## HOW TO COMPLETE THIS TASK
Below are the records; return every line from the one that contains "8月26日,在河南省人才交流" to the last, exactly, skipping the pictures.

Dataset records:
···

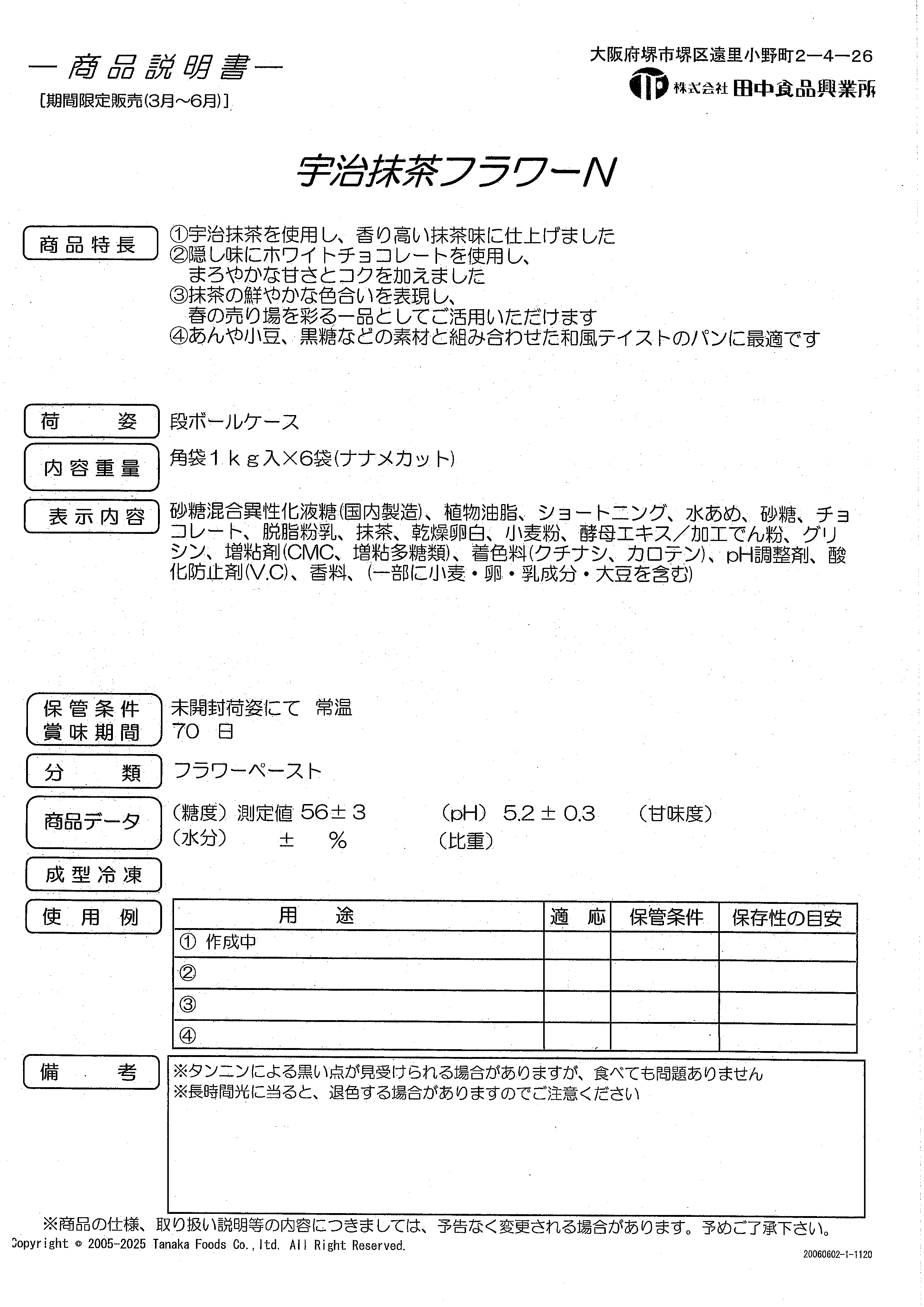 田中 宇治抹茶フラワーN 1Kg
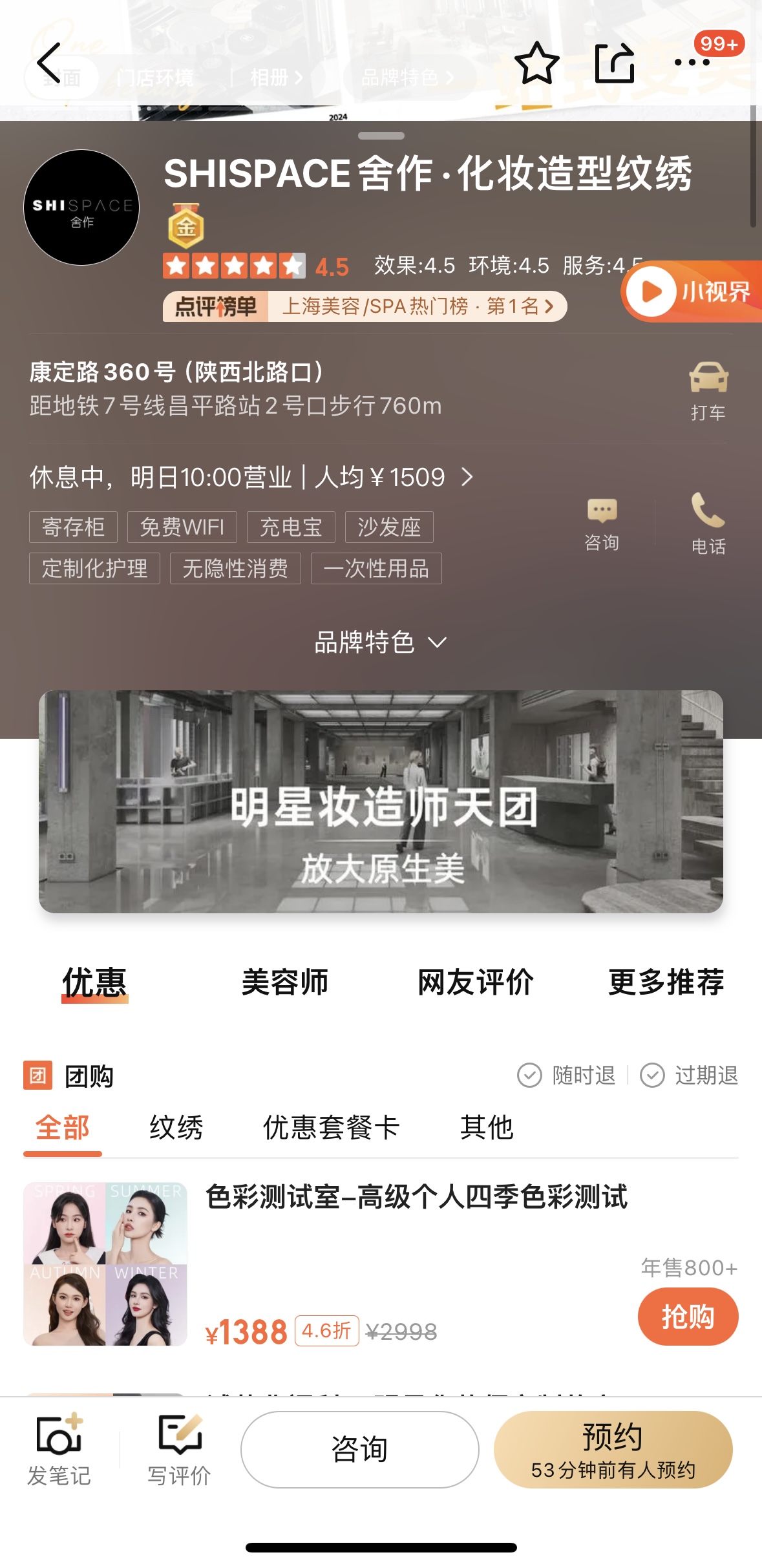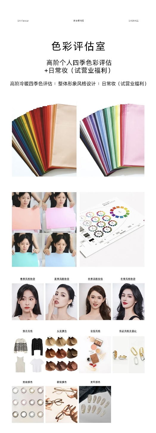 实际上,标价1388元团购价的色彩测试室已经是SHISPACE舍作较为便宜的套餐,包含一次服务市场2小时的个人四季色彩评估以及日常妆。大众点评套餐中目前还有售价7880元的网感野生眉,即修饰眉形的服务。
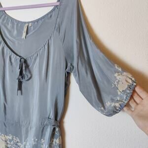 Petticoat Alley Silk Gray Abstract Floral Off Shoulder A-line Mini Dress Small
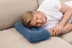 Dieses aufblasbare Kissen ist leicht und benötigt nach dem Zusammenlegen minimalen Platz. Ideal für Reisen und Camping.
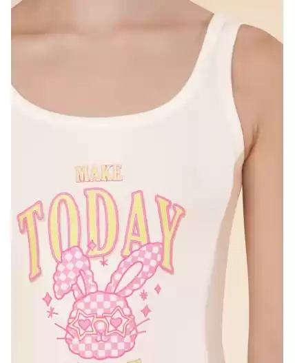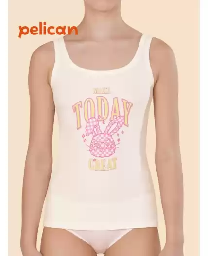 Майка детская для девочки в модном стиле преппи. Нательная майка для девочки выполнена из ткани с высоким содержанием хлопка — она приятна на ощупь, гипоаллергенна и великолепно пропускает воздух. Эластан помогает изделию сохранять отличную форму в течение длительного времени. Качественная ткань и правильный крой гарантируют комфортную посадку. Горловина и проймы обработаны эластичным пайпингом в тон — они не растягиваются и надолго сохраняют прекрасный внешний вид. Хлопковая майка белого цвета (нежный молочный оттенок) подойдёт любой девочке. Красивая майка декорирована позитивным принтом в виде зайчика в очках, надпись переводится: «сделай сегодняшний день отличным». Принт мягкий и устойчивый, отлично переносит стирки. Майка детская для девочек — идеальный выбор для повседневной носки под одеждой, а также она подходит для летнего отдыха и в качестве домашней одежды. Помните о правильном уходе за изделием: рекомендуется стирать при температуре не выше 30 °C, без предварительного замачивания, с изнанки. Это поможет сохранить качество и цвет майки на длительное время. Не забывайте о выборе правильного размера. Используйте таблицу размеров на фотографии, чтобы выбрать подходящий вариант для вашей девочки. Обратите внимание, что цвет товара на экране вашего устройства может отличаться от реального.
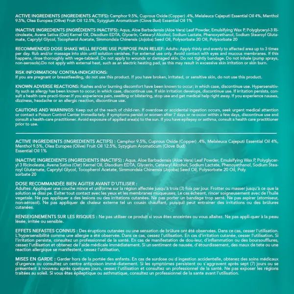切勿用於面部,僅供外用。避免兒童接觸。患有威爾遜氏病或肝功能障礙的人應在使用前諮詢醫生。 開放性傷口或眼睛。如果您懷孕或哺乳,請勿使用此產品。如果您出現皮疹、敏感或過敏反應,請立即停止使用並尋求醫療建議。避免將塗抹區域暴露於陽光下。如果您的皮膚破損、受刺激或敏感。如果您感到噁心、頭暈、頭痛或過敏反應,請停止使用。避免接觸粘膜或眼睛。請勿吸入或吞食產品。請勿塗抹於傷口或受損皮膚。請勿與外部熱源(如加熱墊)一起使用。如果您有哮喘或癲癇,在使用前請諮詢醫生。
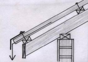 | A splash-guard, a strip of galvanized iron sheet, nailed onto the roof. |
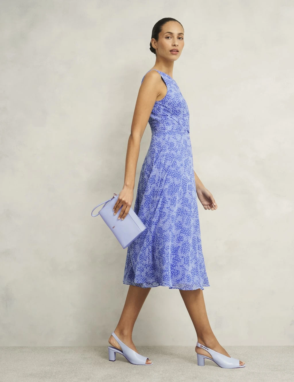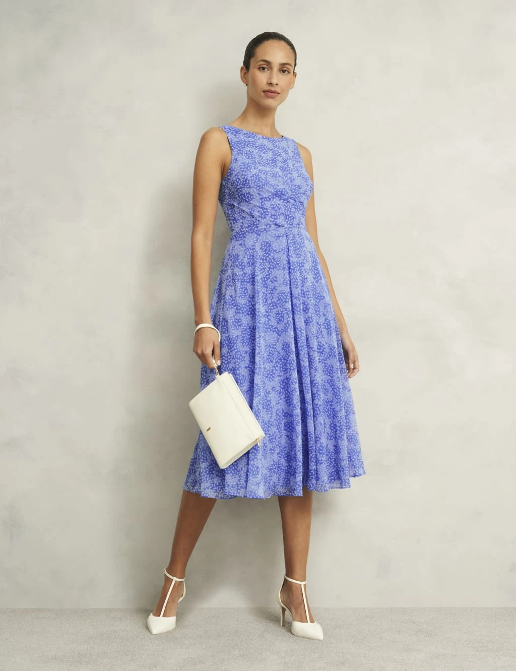 This printed midi dress by Hobbs is sure to turn heads at your next occasion. It’s crafted in a comfy regular fit, with a flattering skater silhouette. The sleeveless bodice features a neat round neckline and fastens with a concealed zip at the back. Ruching on the front adds an elegant finish.
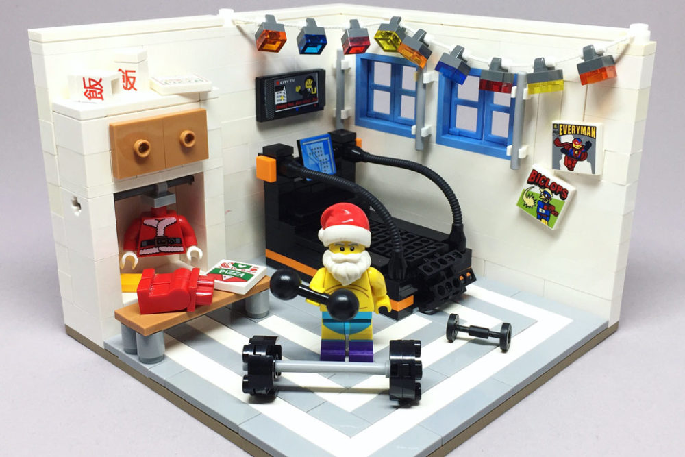 Weihnachten naht, und der Weihnachtsmann bringt sich schon mal in Form: Dies ist nur eines von vielen kleinen Dioramen, die Sebastian Bachórzewski kreiert hat. Die Fantasie ist mit dem Baumeister ein Glück durchgegangen. Der Weihnachtsmann also läuft seine Kilometer auf dem Band, und Gewichte werden natürlich ebenfalls gestemmt. Und im Schrank hängt bereits das passende Outfit für den nahenden großen Auftritt.
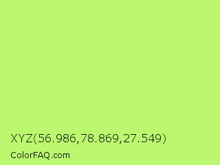 XYZ 56.986,78.869,27.549 Color is a light green color and the nearest color is Sulu #c1f07c. Hex code #bbf870 and RGB value is rgb(187,248,112). In RGB color space, this color is composed of 73% red, 97% green, 44% blue, In CMYK color space, this color is composed of 25% cyan, 0% magenta, 55% yellow , 3% black , In HSL color space, this color has a hue angle of 87° , 91% saturation and 71% lightness.
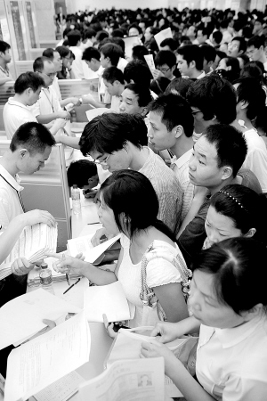 8月26日,在河南省人才交流中心二楼大厅里,上千人排成两条长龙等待向富士康公司递交个人资料和面试,场面异常火爆。由于应聘者太多,富士康招聘现场准备的报名表格也供不应求。
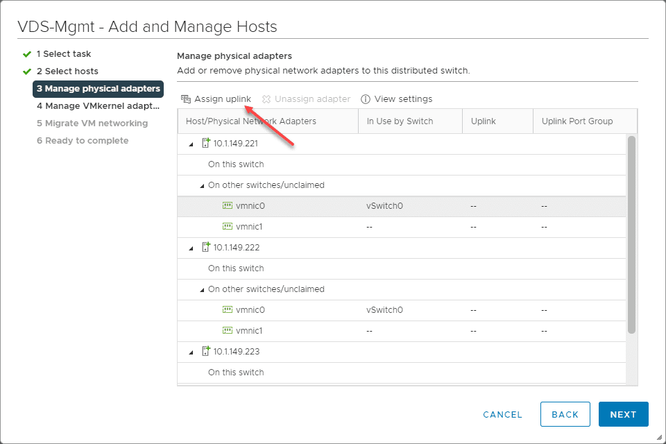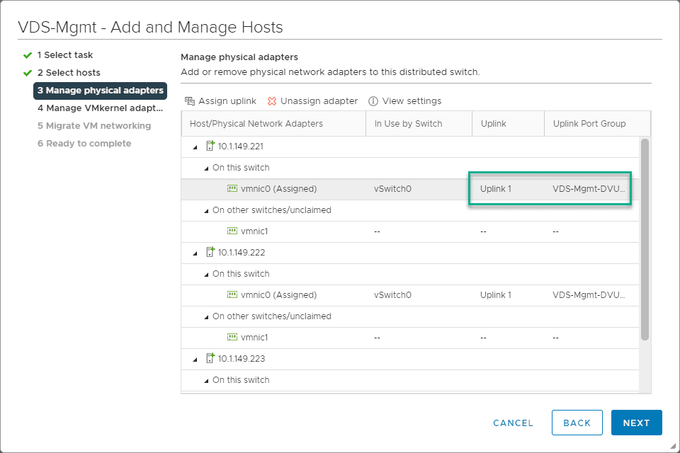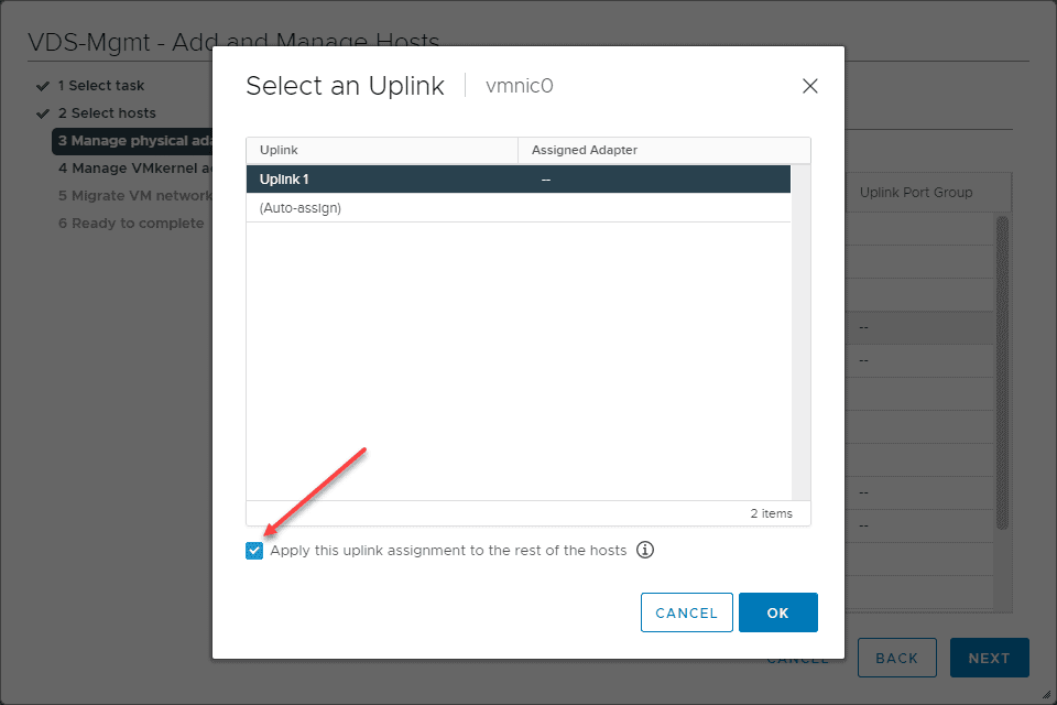 Choose Uplink1 and then Apply this uplink assignment to the rest of the hosts.

···

## YOUR RESPONSE
 8月26日,在河南省人才交流中心二楼大厅里,上千人排成两条长龙等待向富士康公司递交个人资料和面试,场面异常火爆。由于应聘者太多,富士康招聘现场准备的报名表格也供不应求。
 Choose Uplink1 and then Apply this uplink assignment to the rest of the hosts.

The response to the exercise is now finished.